Oregon Court of Appeals overturns $1 billion timber verdict against state

Published 5:00 pm Wednesday, April 27, 2022

SALEM — The Oregon Court of Appeals has struck down a $1 billion jury verdict that was intended to compensate county governments for insufficient logging on state forestlands.

A law that requires Oregon to manage the forestland for the greatest permanent value does not create an “immutable promise” to maximize revenue for the counties, the appeals court ruled in April.

The appeals court said that “historically, ‘value’ has myriad definitions, some of which could relate to revenue production and others that do not relate to revenue production.”

The statute also directs that forests be managed for the greatest permanent value to the state, rather than to the counties, which means the text falls short of the clear and unmistakable intent of making a contractual promise, the ruling said.

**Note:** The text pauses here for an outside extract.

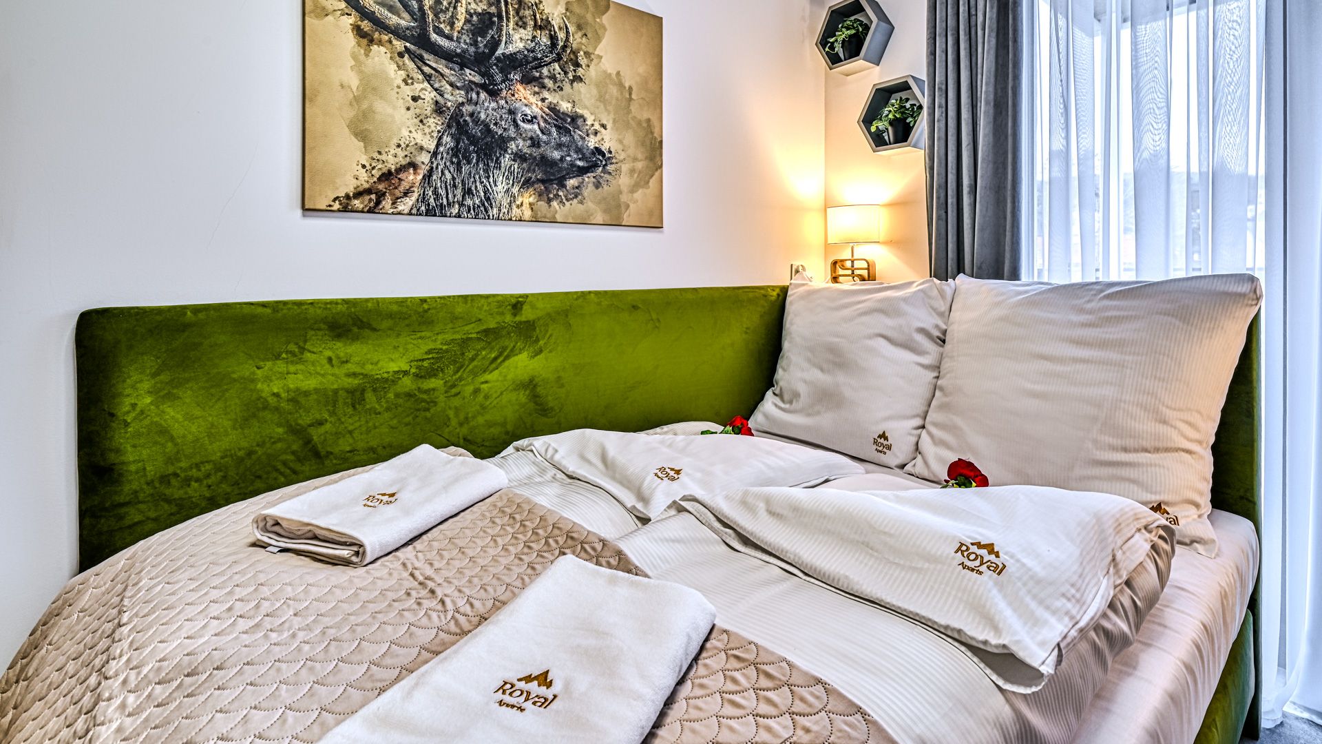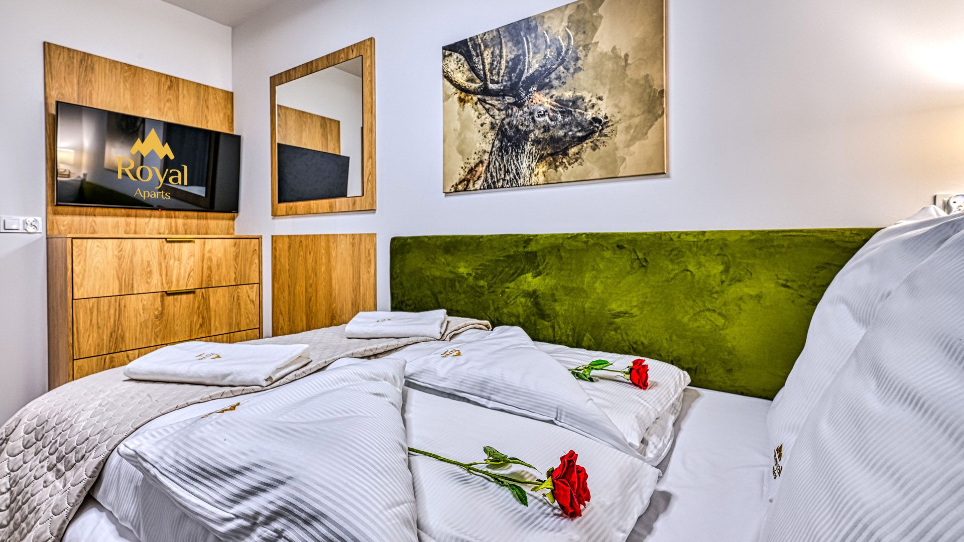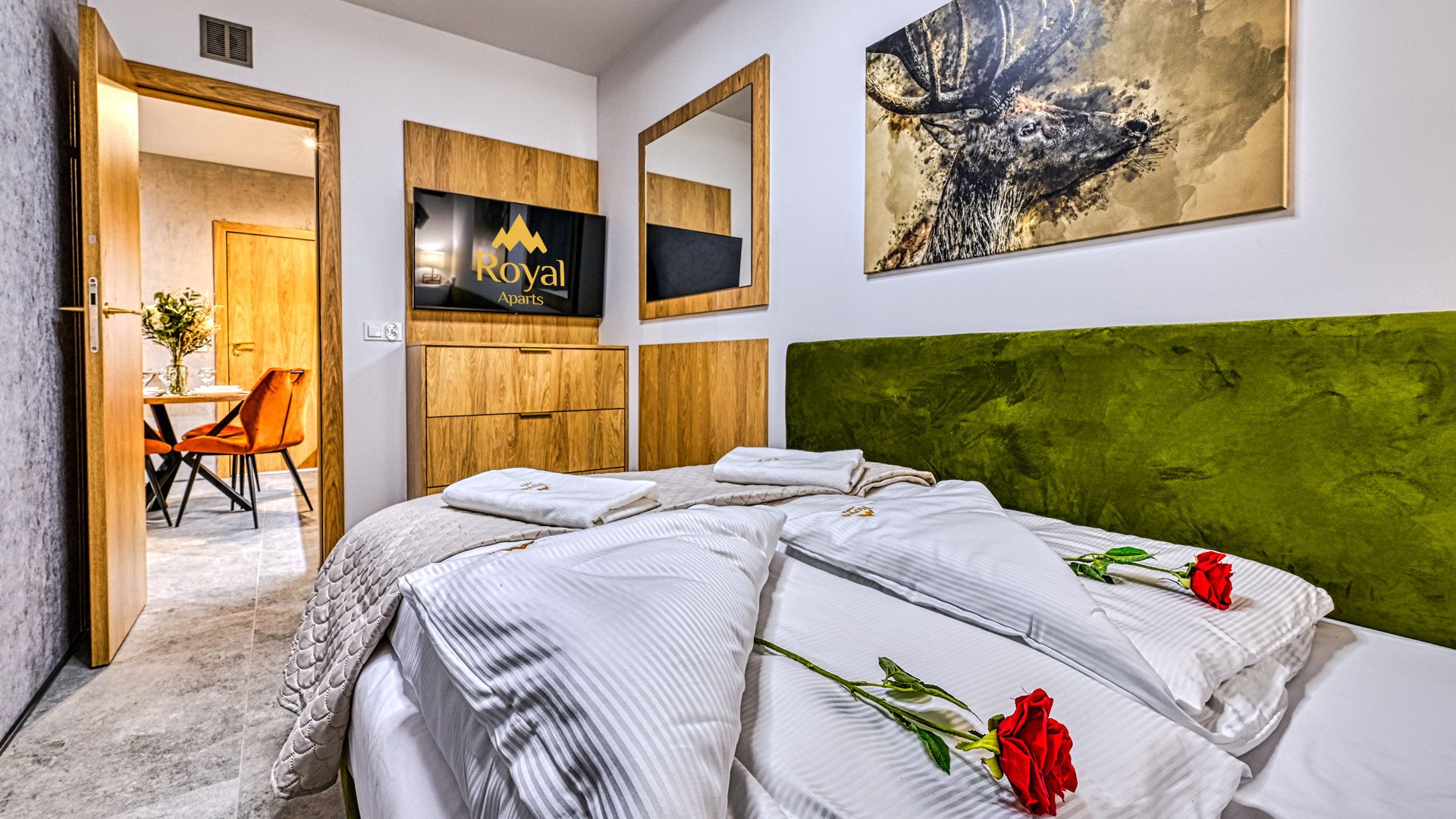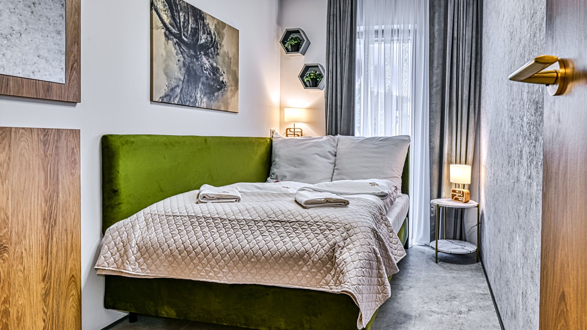 Sypialnia z dużym, dwuosobowym łóżkiem zapewnia prywatność i wygodę, tworząc idealne warunki do regeneracji sił. Dodatkowym udogodnieniem jest telewizor, który umili wieczorny odpoczynek.

For that reason, a Circuit Court judge in Linn County wrongly refused to dismiss the class-action lawsuit against the state government, the ruling said.

“The Court of Appeals decision today is a victory for Oregon’s environment as well as for sound forest management,” state Attorney General Ellen Rosenblum said. “The court agreed with the state’s legal position in recognizing that Oregon’s forests serve a full range of environmental, recreational and economic uses that the Department of Forestry has authority to balance in order to secure the greatest value to all Oregonians.”

John DiLorenzo, an attorney for the counties, vowed to challenge the ruling before the Oregon Supreme Court because it “does not align with the law or the evidence we presented at trial.”

The ruling doesn’t take into account the economic and social damage that rural communities have suffered after the state government changed its logging policies without input from the counties, he said in an email.

Oregon’s leaders have decided the timber economy is inconsistent with their “urban values,” but the resulting problems must be addressed to bridge the urban-rural divide, DiLorenzo said.

“The lack of productive employment in these communities has led to substance abuse, violence, lack of educational opportunity and general hopelessness and despair,” he said.

A jury determined the state violated a contract requiring it to maximize revenue from forestlands donated by the counties in the 1930s and ‘40s after a monthlong trial in 2019.

State forests must be managed for the greatest permanent value by law, but more than a dozen counties claimed the Oregon Department of Forestry impermissibly expanded that definition beyond its original intent. In 2017, the Clatsop County Board of Commissioners voted 3 to 2 to opt out of the lawsuit, citing a need for more balanced forest management.

Under language adopted in the late 1990s, the greatest permanent value was changed to include environmental and recreational considerations that restricted timber harvests, shortchanging the counties and tax districts within them of revenues, the plaintiffs claimed.

Attorneys for Oregon appealed the jury verdict on the grounds that the counties didn’t have an enforceable contract that dictated how state forest officials must manage the nearly 700,000 acres of donated property.

The law governing state forestlands pertains to matters of statewide concern that cannot be challenged in court by the counties, state attorneys claimed. As political subdivisions of the state government, the counties cannot sue over such state policies.

Federal environmental laws enacted since the property was donated, such as the Endangered Species Act, also effectively limit how much timber can be extracted from state forestlands, according to state attorneys.

The counties claimed that Oregon forestry officials weren’t obligated to create habitat for federally-protected species that resulted in logging restrictions. In any case, the counties said the state government can alter forest management policies but must still pay them damages for breaching the contract.

Counties provide health care and other functions under contract with the state government, so they must be able to rely on such agreements being enforceable, the plaintiffs said. If the counties had known the state government could reinterpret the contract’s terms at will, they’d never have donated such huge amounts of forestlands.